Every single day, I get emails from people I don’t know offering to sell me links.
In fact, in the last 24 hours, I have received 12 emails offering to either sell me links or perform “white label” link building services.
I get it. Link building is hard.
And many of the people who are drawn to SEO don’t necessarily love nurturing the relationships it takes to organically build quality links.
Even so, should you buy links from that cold email contact?
The Danger in the Inbox
Most people understand that buying links is against Google’s terms of service.
Apocryphal stories of the manual penalties and lost fortunes make the rounds in every SEO group.
But desperate website owners still respond to spammy link selling offers that arrive unsolicited in the inbox.
Of late, these offers list a number of websites where links are “available” for purchase.
In some cases, the websites seem to offer legitimate linking opportunities.
But in reality, these websites have either been hacked or a rogue writer is accepting money under the table to insert links into their copy.

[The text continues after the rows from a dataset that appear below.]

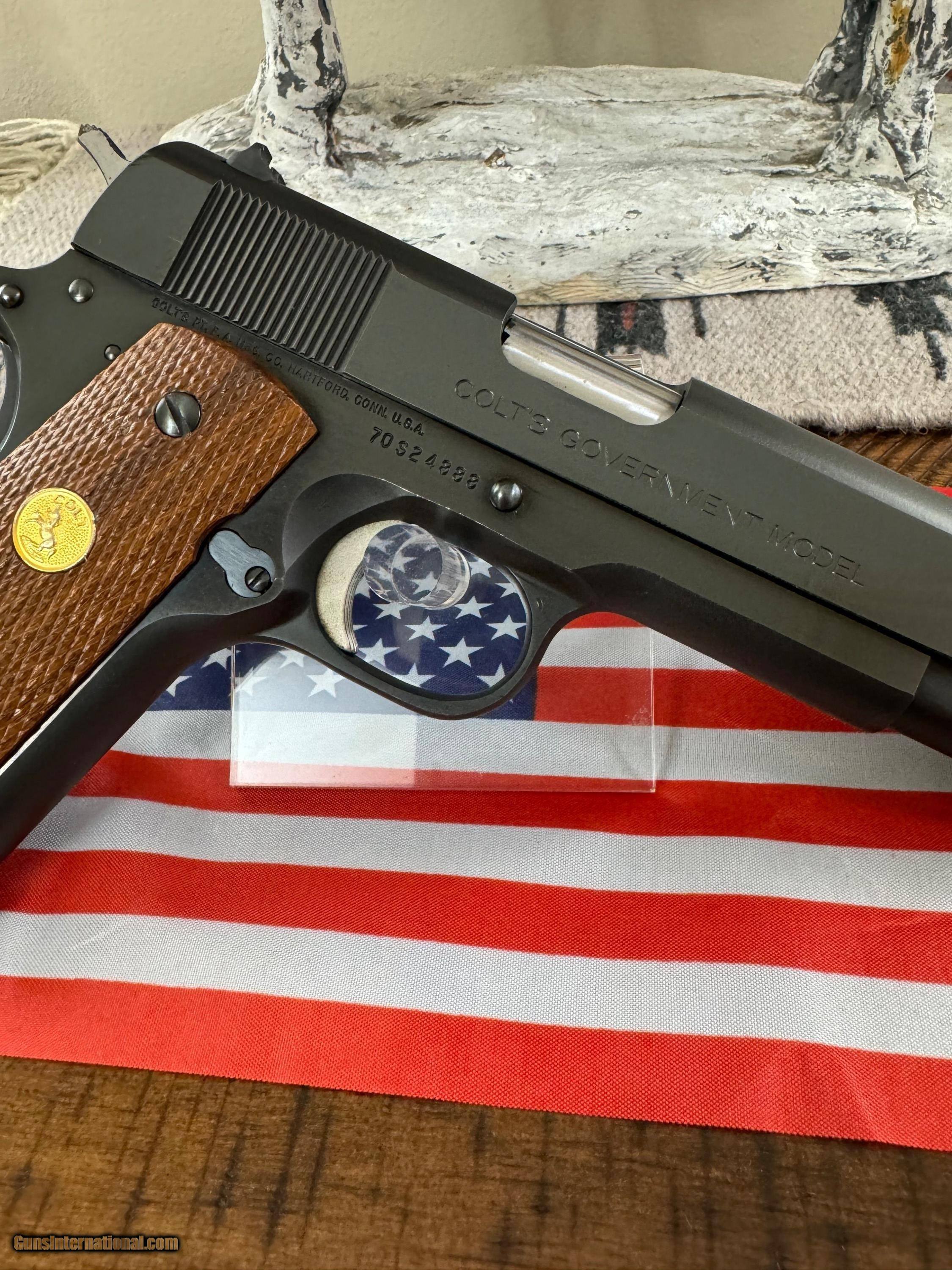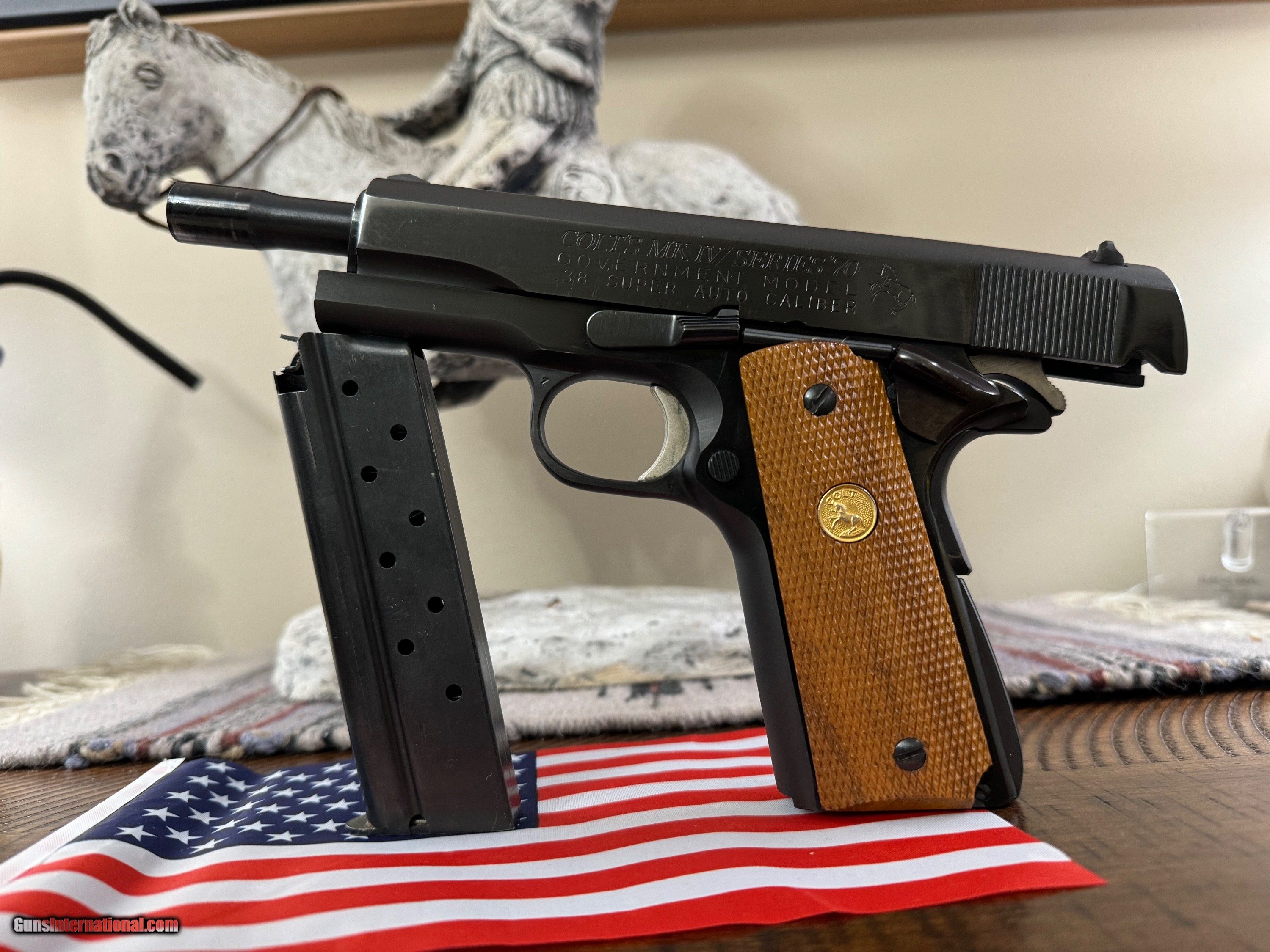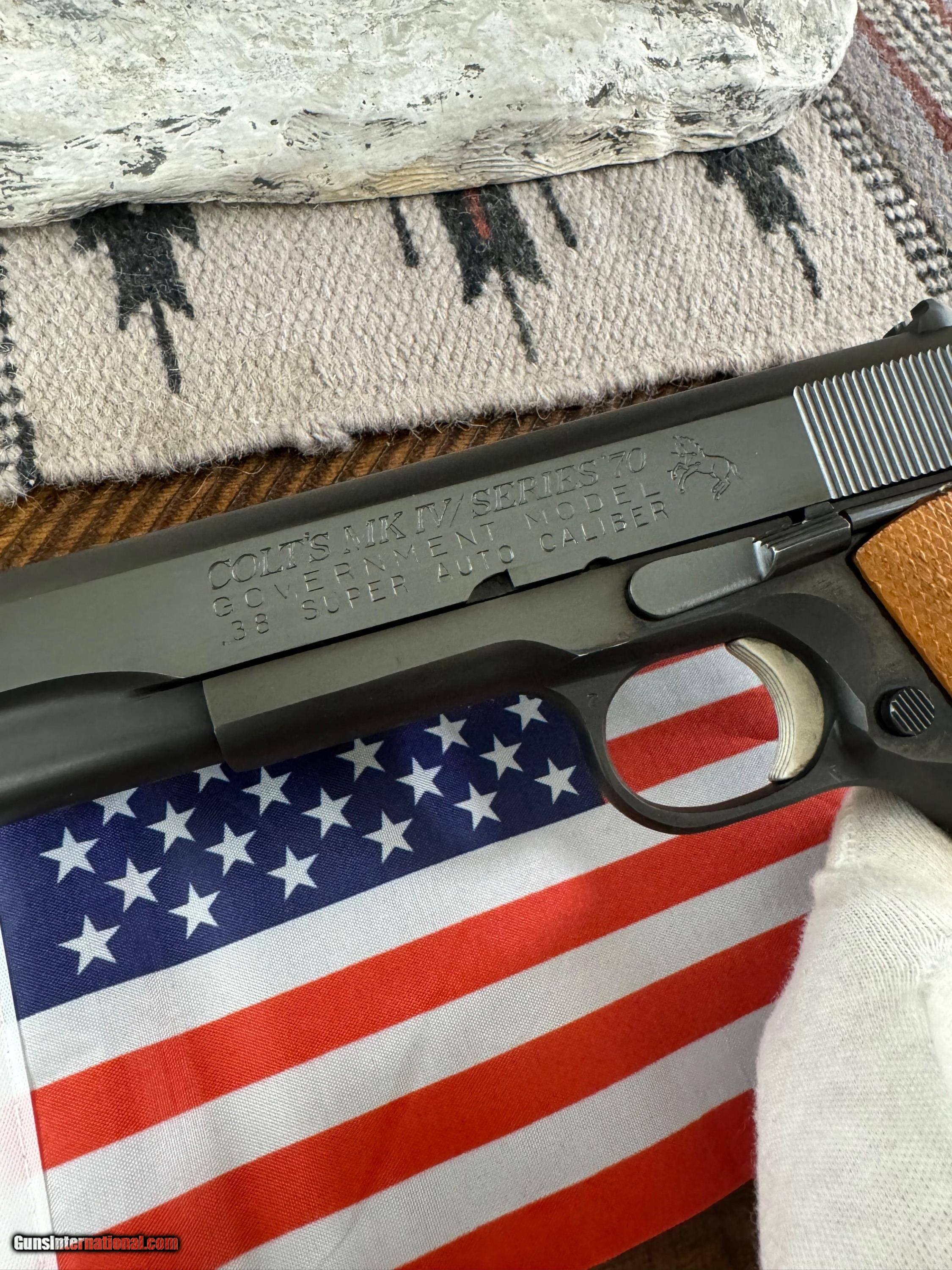Description: Government Model MKIV Series 70 in the desirable caliber .38 super, this pistol is the large rollmarks. All original just like when it left the Colt factory in 1977, it's in great condition as you see in our pictures. No box or Cali Compliant , shipping is $35 we take money orders, cashier checks,personal checks and debit/credit cards. SOLD |
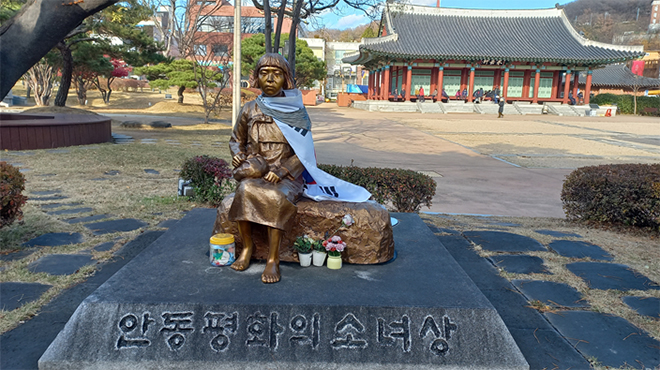 ´ëµ¿·ç¿Í ³²¼ºÀÇ »ó¡ÀÎ °Å¼® Áß°£¿¡ ûµ¿À¸·Î ¸¸µé¾îÁø ‘¾Èµ¿ ÆòÈÀÇ ¼Ò³à»ó’ÀÌ ÀÚ¸®Çϰí ÀÖ´Ù. ÇѺ¹À» ÀÔÀº ´Ü¹ß¸Ó¸® ¼Ò³à»óÀÌ µ¹ À§¿¡ ¾É¾Æ Áö³ ¾ÆÇÄÀÇ ¼¼¿ùÀ» ÀØÁö ¾Ê¾ÒÀ½À» ¸»ÇØÁÖ´Â µíÇÏ´Ù. ÀÏÁ¦ Á¦±¹ÁÖÀÇ ¾Õ¿¡ ¹«ÂüÇÏ°Ô ÀαÇÀÌ ¸»»ìµÈ ¼Ò³àÀÇ »óÀÌ´Ù. ÀϺ»±º¿¡°Ô ‘À§¾ÈºÎ’·Î À¯¸°´çÇÑ ¾ÆÇ ¿ª»ç´Â Àΰ£ÀÇ Á¸¾ö¼ºÀ» ÀÒ¾úÀ¸¸ç ÂøÃë¿Í ¾ï¾ÐÀ¸·Î ÀÌ·ç¾îÁ³´Ù.
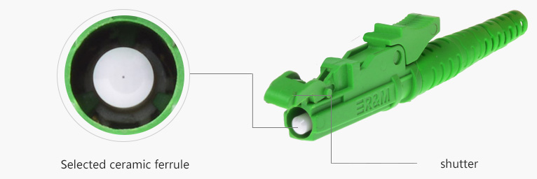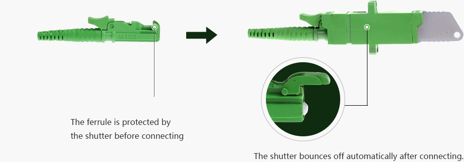 The E2000 optical fiber connector comes with a spring louver to protect the ferrule from external contaminants. And effectively prevent laser radiation from causing harm to the human body.
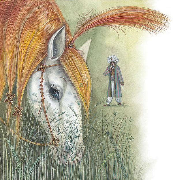 С жадностью утолив голод, я, в свою очередь, спросил их, что они делают в таком пустынном и диком месте. Они ответили, что их послал сюда царь Мирадж, владелец этого острова, что они его конюхи и каждый год приводят сюда лучших кобылиц из царских конюшен для того, чтобы отпускать их с морским конём, выходящим из воды. Так они выводят особую породу быстрых лошадей, которые называются у них морскими.
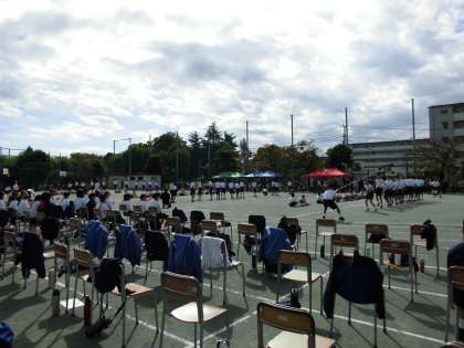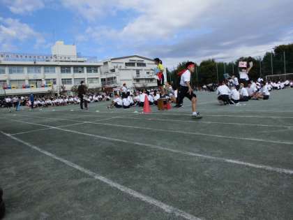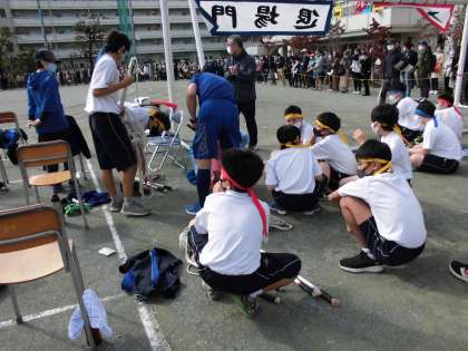 1年全員リレー 2年大縄跳び 今年の用具係は用具の消毒も行いました。
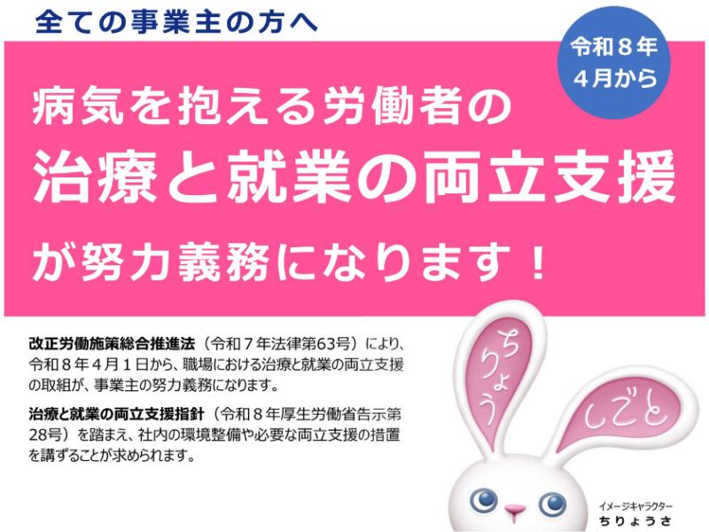 令和8年(2026年)4月1日より、すべての事業所を対象に「治療と仕事の両立支援」が努力義務化されます。大切な従業員ががん等の病気になっても働き続けられるよう、串本町の小さな会社が今日からできる配慮や、無料で頼れる専門機関の相談窓口について商工会が分かりやすく解説します。
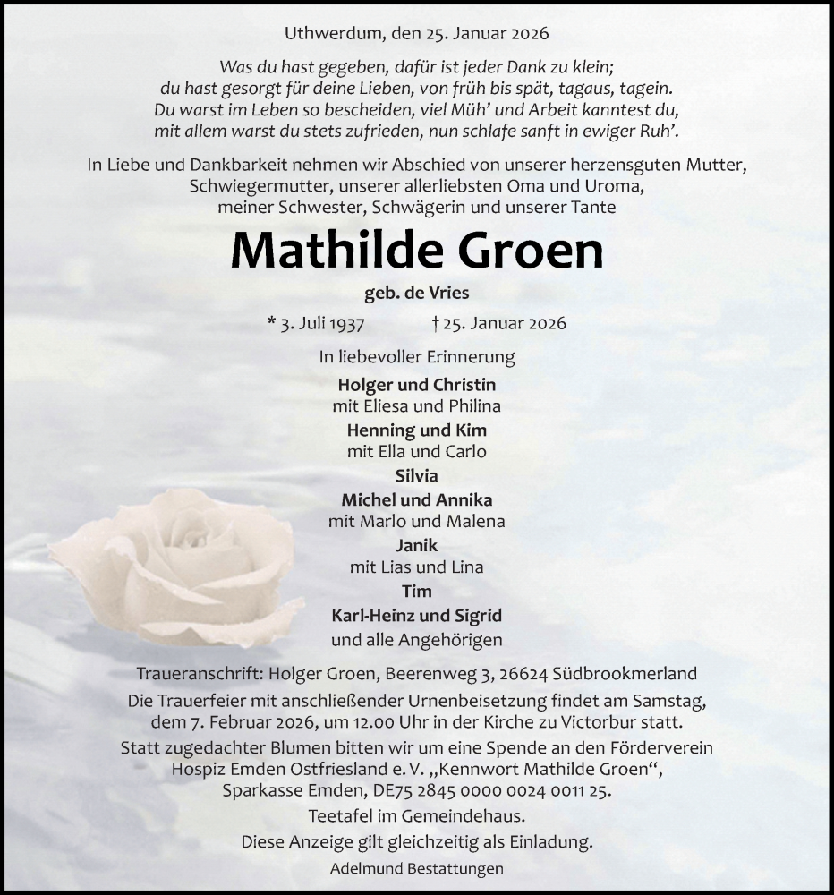 Hier finden Sie alle Traueranzeigen aus der Zeitung, die bisher für Mathilde Groen erschienen sind. Weitere Traueranzeigen, die in der Zeitung erscheinen, werden hier ebenfalls aufgelistet
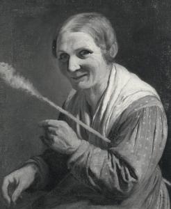 Vecchia che fila con la rocca. Ritratto di donna
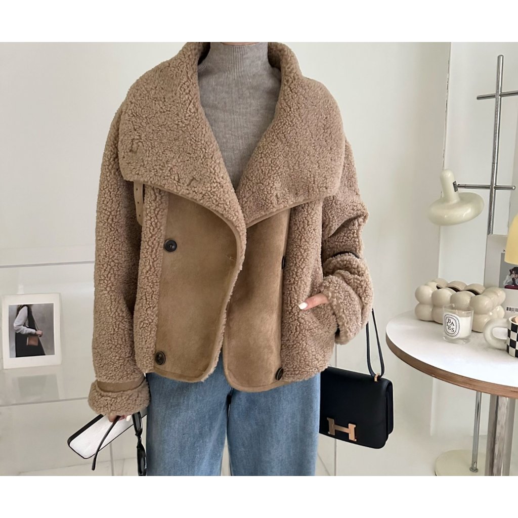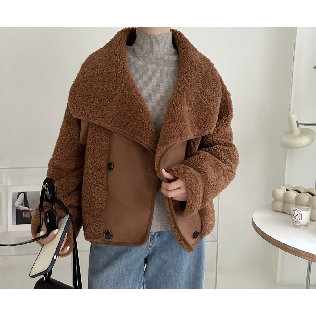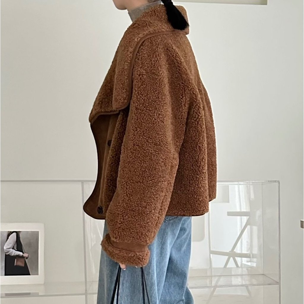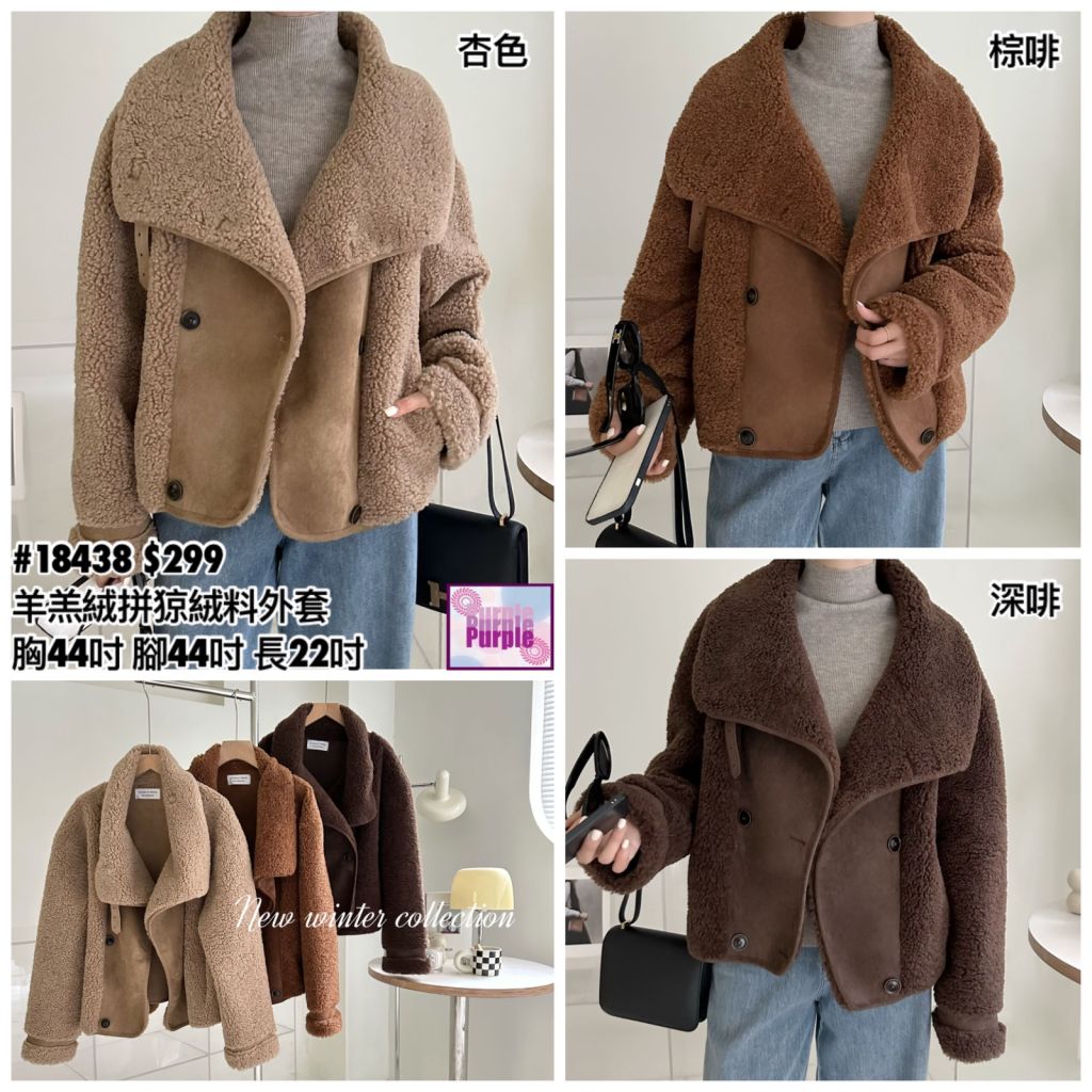 (現貨) #18438 BONNIE羊羔絨拼猄絨料外套 (胸44吋 腳44吋 長22吋)

Most of these link building offers are worth about as much as the space they take up in your inbox.
Manual Penalties Are the Least of Your Worries
I’m going to tell you a secret.
You probably aren’t going to get a manual penalty from Google unless you do something blatantly wrong.
And if you do receive a manual penalty, getting that penalty lifted is a pain but a pretty straightforward process.
The bigger concern for most when going grey or black in their link building efforts are the algorithmic penalties that can occur.
In my experience, Google simply ignores most purchased/paid links.
And in many cases, Google can tell when a link is purchased.
In that case, you’ve paid for a link that is giving you no value.
And in some cases, you might see your rankings inexplicably drop.
This happens because Google recognizes the purchased links and algorithmically downgrades your site.
When this happens, it’s impossible to know if the rankings drop is because of the shady links, or if it’s because of some other reason.
This scenario is worse than a manual penalty, in my opinion.
We can do something about a manual penalty.
An algorithmic slap is much more difficult to diagnose and fix.
Why Would Anyone Link to You?
At the end of the day, all marketing accelerates the inevitable.
If a product or service is going to succeed, marketing (including SEO and link building) will speed up the timeline for success.
If a product or service is going to fail, marketing will help it fail faster.
If you have a quality product or service, you have something worth linking to — but it’s up to you to tell the world all about it.
If you want to succeed in SEO, you have to create something that others want to link to.
This means digging deep and really understanding your unique selling point.
At the end of the day, competitive analysis is great. However, if you just do what your competitors do, you might match them but won’t beat them.
It’s best to concentrate on your own site and figure out what it is about you that others will want to talk about – and link to.
Successful, linkable content is different for every site.
There is no magic bullet for creating a desirable link destination.
And of all the tactics in SEO, link building is the hardest one to scale if you do it correctly.
No doubt about it, link building is hard work. But it’s not rocket science.
Essentially, all you need to build quality links is to create something worth linking to and to tell the right people about it.
In most cases, you don’t need thousands of links to succeed.
In fact, I’d rather have one link from the Wall Street Journal than 1000 links from random blogs any day.
But I’m not going to get a link to Forbes from some guy who sent me an unsolicited email.
Trust me, that is asking for trouble – the kind of trouble that hurts your SEO more than it helps in the long term.
So Should I Buy Links?
In my career, I’ve bought millions of dollars worth of links.
But about five years ago, I decided that buying links was too much of a risk for my clients and my agency.
That’s not to say that I haven’t had clients buy links. I just don’t do it for them.
If you want to buy links, you need to understand that there are significant risks as mentioned above.
The old saying, “Half the money I spend on advertising is wasted; the trouble is I don’t know which half,” has never been more true than when purchased links are involved.
My best advice is if you are going to buy links, make sure that the links are going to provide you with valuable traffic – not just PageRank.
And if you are going to buy links, I suggest buying them directly from the site.
Don’t respond to the random unsolicited email offering amazing links at an unbelievable price.
If it looks like it’s too good to be true, it almost certainly is.
Link building is hard. Scammer and spammers know this; in fact, they count on it.
That’s why your inbox is filled with link building offers that, more often than not, are too good to be true.
Don’t fall for the link buying offer in your inbox.
Understand that when you buy links, you could be wasting your time and money.
You could also end up suffering the consequences, and a manual penalty is the least of your worries.
Diagnosing an algorithmic downgrade is much harder than fixing a manual penalty.
Build content that is link-worthy — content that the best sites will want to link to.
Build that linkable content, then tell the right people about it. Pitch your content to the influencers with the best links. Pick up the phone and tell them about your great products, services, and content.
I promise you’ll have more success actually talking to someone than you will sending them a random email.
You need to stand out in your link building efforts, so pick up the phone and start pitching.